• [Prompt]
Retype every line from the start of the entries below down to the line with "Акция проходит в", both ends included; skip the pictures.
>>>
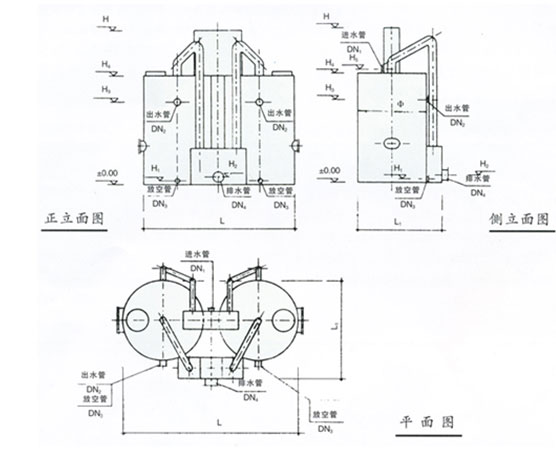 重力式無閥過濾器相關尺寸表
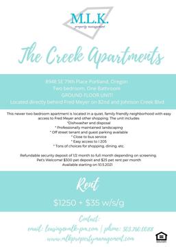 Located just minutes from the hustle and bustle of Happy Valley Heirloom is your serene. The Brentwood-Darlington neighborhood of Portland Oregon is near to. View detailed information about The Creek Apartments rental apartments located at 8950 Southeast 79th Place 8950 Portland OR 97206.
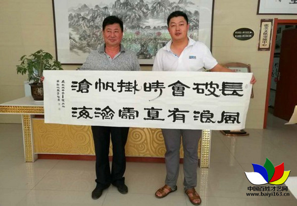 書法家李偉與百姓才藝網(wǎng)總裁邵華(右)合影
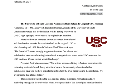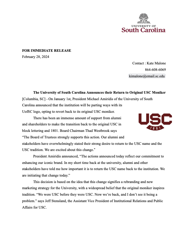Through research and clear, compelling messaging, this press release effectively communicates the university’s rationale behind the transition. By incorporating statements from key leadership and contextualizing the historical significance, the project successfully informs stakeholders and reinforces USC’s renewed brand direction.
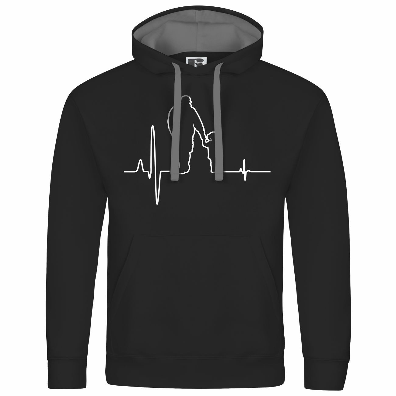 Das Motiv auf diesem Kapuzenpullover zeigt eine Herzlinie, die in die Silhouette eines Vaters und seiner Tochter übergeht. Ein perfektes Design für Familienmenschen!
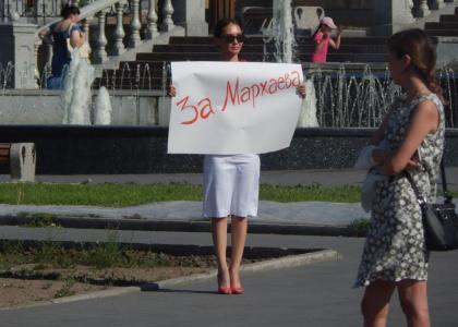 Акция проходит в ответ на развернувшуюся в СМИ кампанию по очернению Вячеслава Мархаева - одного из наиболее вероятных победителей предстоящих выборов главы региона.
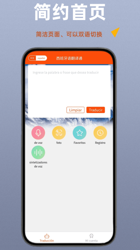 2.主界面选择"文字翻译"功能,输入需要翻译的中文或西班牙语文本,点击翻译按钮。系统支持长文本翻译,最大可输入5000字,满足不同场景需求。
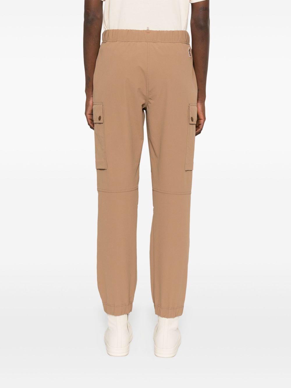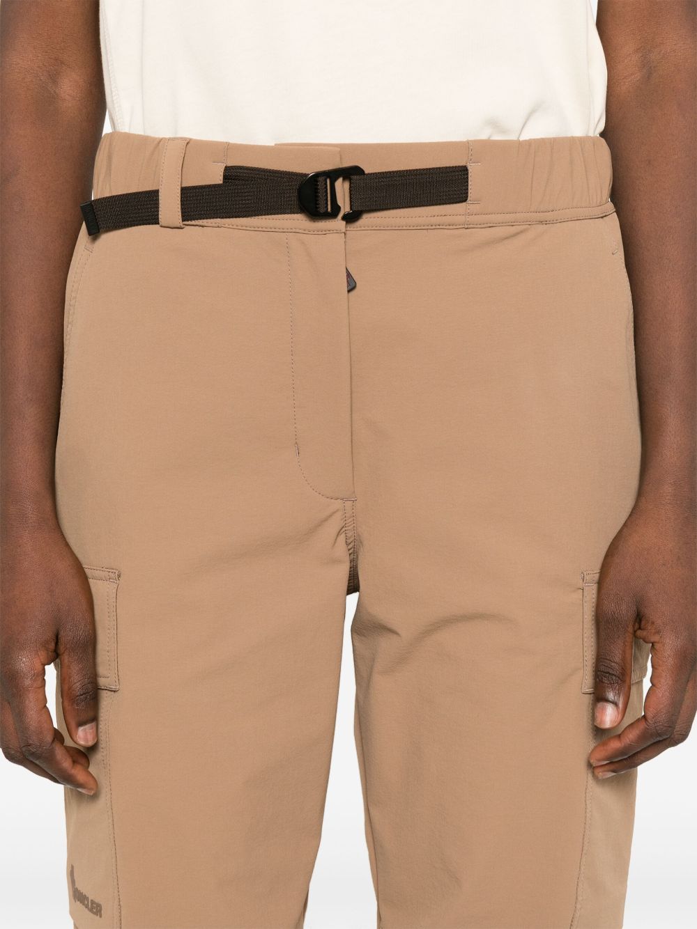 Pantalone cargo di MONCLER GRENOBLE marrone cammello con vita elasticizzata, orli elasticizzati e chiusura con zip nascosta, bottone e moschettone.
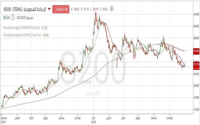 مباشر - للأبحاث: يتحرك سهم "الإعادة السعودية" ضمن اتجاه هابط يعكس ضغوطاً واضحة على الأداء السعري خلال الفترة الأخيرة، حيث نجح في الاستقرار أعلى مستوى دعم هام عند 25.80 ريال، ويظهر مؤشر القوة النسبية تباعداً إيجابياً؛ مما يعزز احتمالية تهدئة الضغط البيعي على المدى القصير.
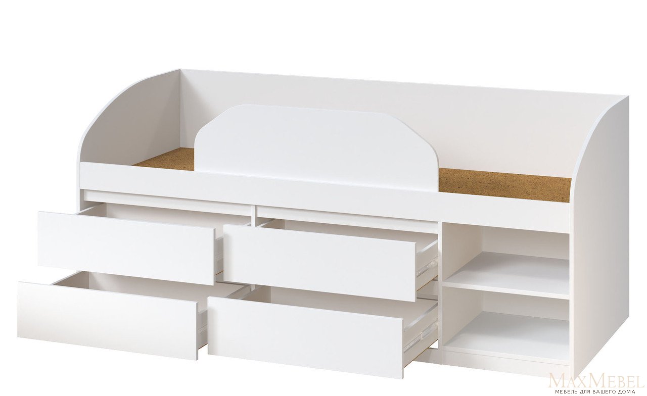 | Головна › Модульні меблі › Мастер-Форм › Брайт › Ліжко "Брайт" з дитячим обмежувачем та ящиками 835x2032x840 мм. . Німфея альба (лівостороння) |
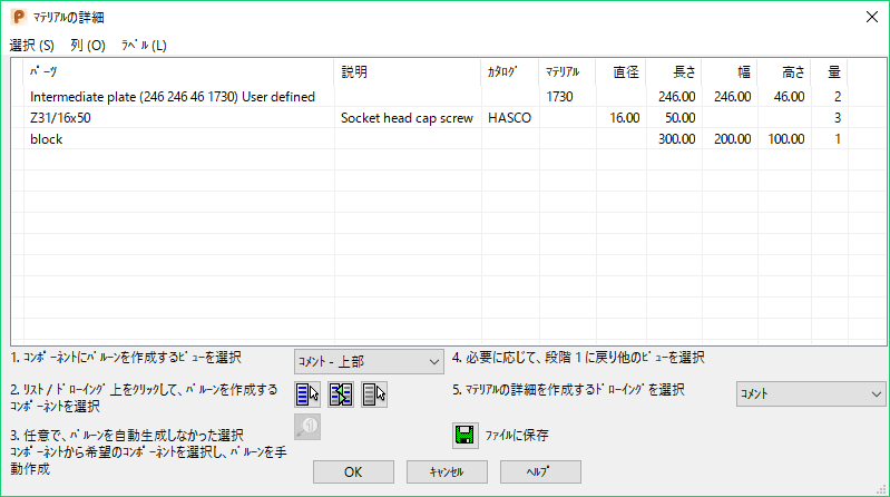 - マテリアルの詳細をドローイング上に作成、または、ファイルに保存します。
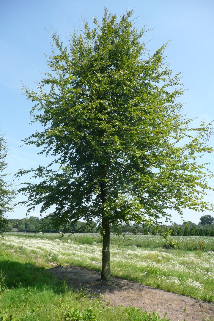 Fagus sylvatica is an impressive tree that grows in the wild in large parts of Europe. Mature specimens reach circa 35 m in height and width. The soft bark is smooth and has a grey colour. Old bark can be damaged by scorching. The shiny, dark green leaves are 4 - 10 cm large and have a curving margin.The young leaf is slightly haired when unfolding. Yellow-brown autumn colour. The tree flowers with small, inconspicuous catkins. In autumn nuts appear, only at a later age the tree does the tree bear a rich crop. Has many roots in the top soil, so that undergrowth gets little chance. The tree is used as a park tree and as a solitary. In addition it is much used for planting hedges and woodlands. Prefers humus rich soil that is not too wet and well-drained. Withstands hard surfaces less well. Moderately wind-tolerant.
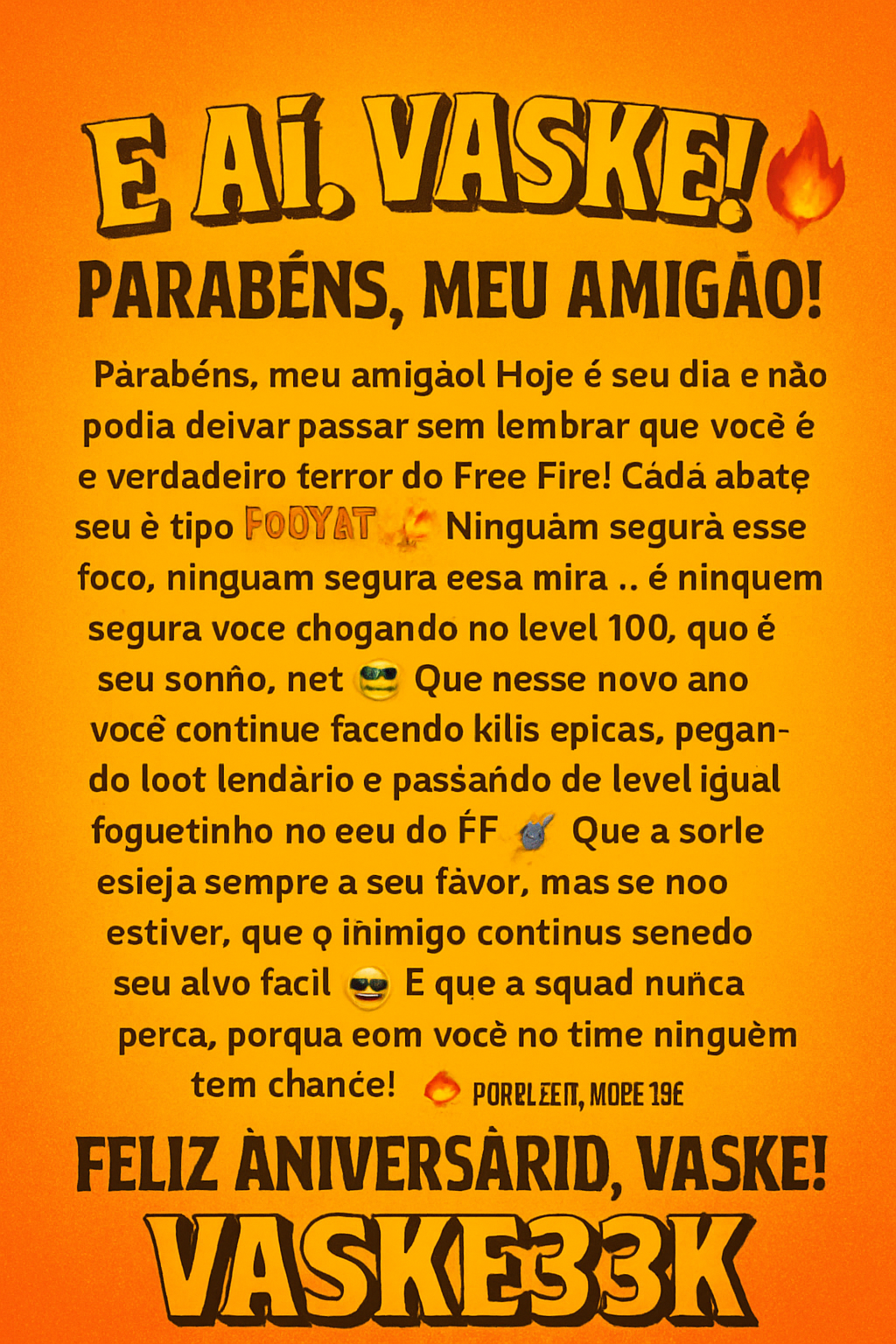 E aí, Vaske! 🎮🔥 Parabéns, meu amigão! Hoje é seu dia e não podia deixar passar sem lembrar que você é o verdadeiro terror do Free Fire! Cada abate seu é tipo BOOYAH! 💥 Ninguém segura esse foco, ninguém segura essa mira… e ninguém segura você chegando no level 100, que é seu sonho, né? 😎 Que nesse novo ano você continue fazendo kills épicas, pegando loot lendário e passando de level igual foguetinho no céu do FF 🚀. Que a sorte esteja sempre a seu favor, mas se não estiver, que o inimigo continue sendo seu alvo fácil 😂. E que a squad nunca perca, porque com você no time ninguém tem chance! Feliz aniversário, Vaske! Que sua vida seja tão épica quanto suas partidas e que seus abates na vida real também sejam lendários! 🏆🎂
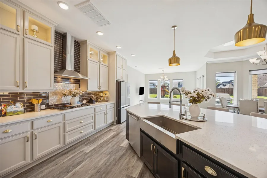Stepping into luxury as your life unfolds at 19519 Hickory Heights Drive. As you drive up you are greeted by a beautiful circular driveway with eye catching landscape. As you cross the the threshold of your dream home you enter a large entrance way with an open concept for family living and entertainment. The kitchen serves as the focal point of the home, equipped with custom kitchen, cooktop, flowing seamlessly into the living area high ceilings. Walls of windows frame views of the large backyard with a warm fireplace centering the view. The home features a study for those working from home. A key feature is one floor living with all bedrooms on the same floor. Hospitality is perfected by the outdoor kitchen and large covered patio. Add to this a three car garage and gated community and all this adds up to the ideal texas home.
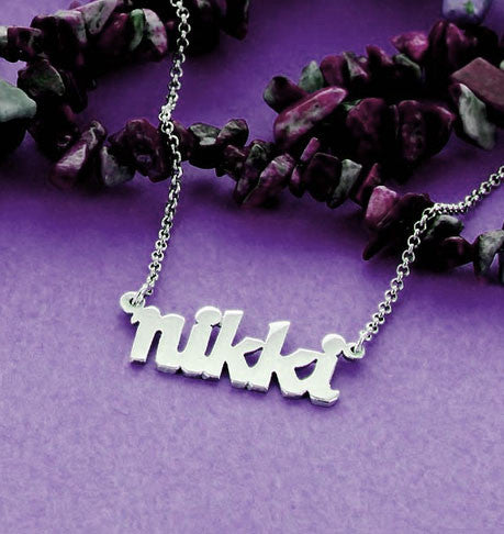 Perfect for those who love a petite nameplate, or as a mommy necklace featuring the name of your child. Available with up to ten characters in length, in a pretty lowercase font. This necklace is made of sterling silver and high polished for a shiny finish. Necklace hangs beautifully from a split chain, 16 or 18 inches in length. Available in 24K Gold Plated too!
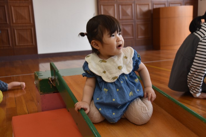 すべり台は滑ってみたり登ってみたりおもいおもいに体を使って遊んでいましたよ♫
<<<
• [Task result]
 重力式無閥過濾器相關尺寸表
 Located just minutes from the hustle and bustle of Happy Valley Heirloom is your serene. The Brentwood-Darlington neighborhood of Portland Oregon is near to. View detailed information about The Creek Apartments rental apartments located at 8950 Southeast 79th Place 8950 Portland OR 97206.
 書法家李偉與百姓才藝網(wǎng)總裁邵華(右)合影
Through research and clear, compelling messaging, this press release effectively communicates the university’s rationale behind the transition. By incorporating statements from key leadership and contextualizing the historical significance, the project successfully informs stakeholders and reinforces USC’s renewed brand direction.
 Das Motiv auf diesem Kapuzenpullover zeigt eine Herzlinie, die in die Silhouette eines Vaters und seiner Tochter übergeht. Ein perfektes Design für Familienmenschen!
 Акция проходит в ответ на развернувшуюся в СМИ кампанию по очернению Вячеслава Мархаева - одного из наиболее вероятных победителей предстоящих выборов главы региона.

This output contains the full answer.